Why? There aren’t enough auditors and experts to shake loose what should have been paid. That’s one thing that happens when you cut away at an organization. Fewer people don’t magically achieve the same results. The wealthiest 1% collectively don’t report a fifth of their income and account for a third of unpaid federal income tax.

Audits are happening. It’s just that the main targets are low-income people getting the Earned Income Tax Credit or other programs set up for people who make little. Why? Because from what tax experts have told me over the years, programs like EITC are complex, confusing even many pros, and people often make mistakes.
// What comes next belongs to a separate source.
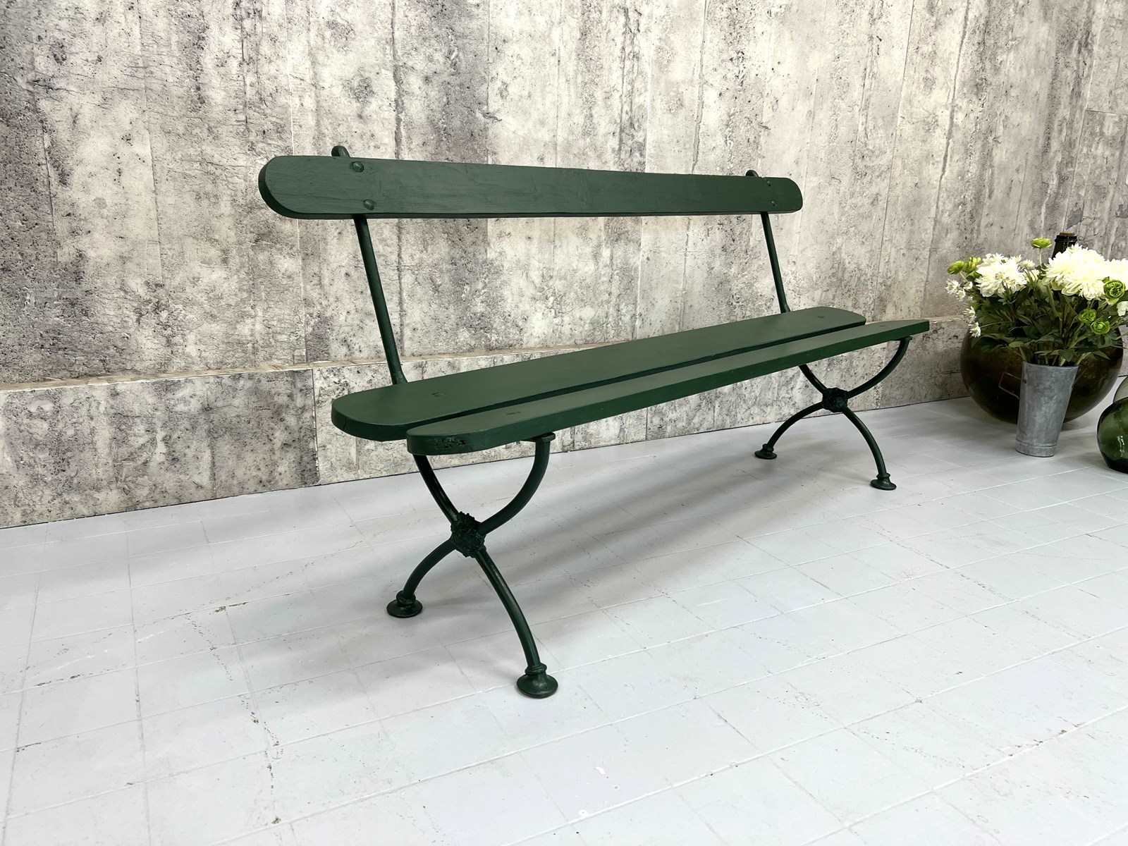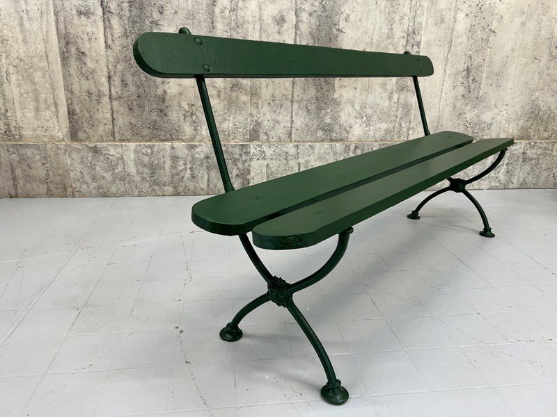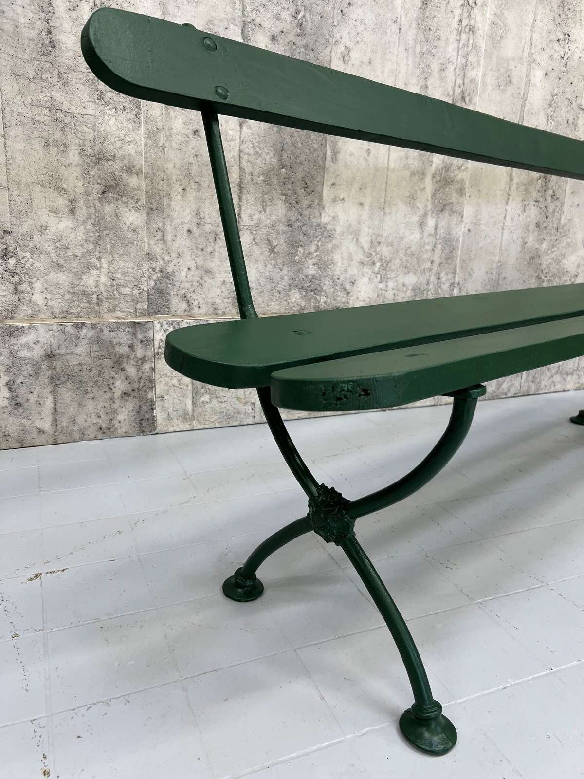 A beautiful metal and wooden vintage bench from France which has been finished in this fabulous forest green paint. A wonderful addition to a garden, an alfresco dining area or a terrace. In great condition, ideal to marry with a vintage table or a new one, or sitting in your garden positioned to enjoy your favorite view. Ready to use as it is. A wonderful find ready for a modern home.

And then, they will have wages, taxes easy to check, and no professional lawyers and accountants to push back and make it hard for the available IRS staff to successfully complete an audit.

In addition to collecting taxes, the entire technology supporting the tax system is from the 1960s and 1970s. To institute even minor form changes to go with tax modifications takes, as again I’ve heard over the years, rewriting the programs.

The number of new IRS employees you’ll hear is 87,000. But a lot of people need to be hired in areas other than auditing and this is over a 10-year period. And this doesn’t count employees who will retire in the meantime.

But, back to the initial business, which is who’s getting off from paying their share. "Prior empirical evidence demonstrates that the tax gap can be tied disproportionately to people in the top end of the income distribution,” the IRS itself notes.

The attack on funding the IRS is intended to incapacitate the agency so that more tax burden can be shifted to those who can least afford it from those who could most easily pay. Let’s stop the nonsense and get things back to a more even and fair keel.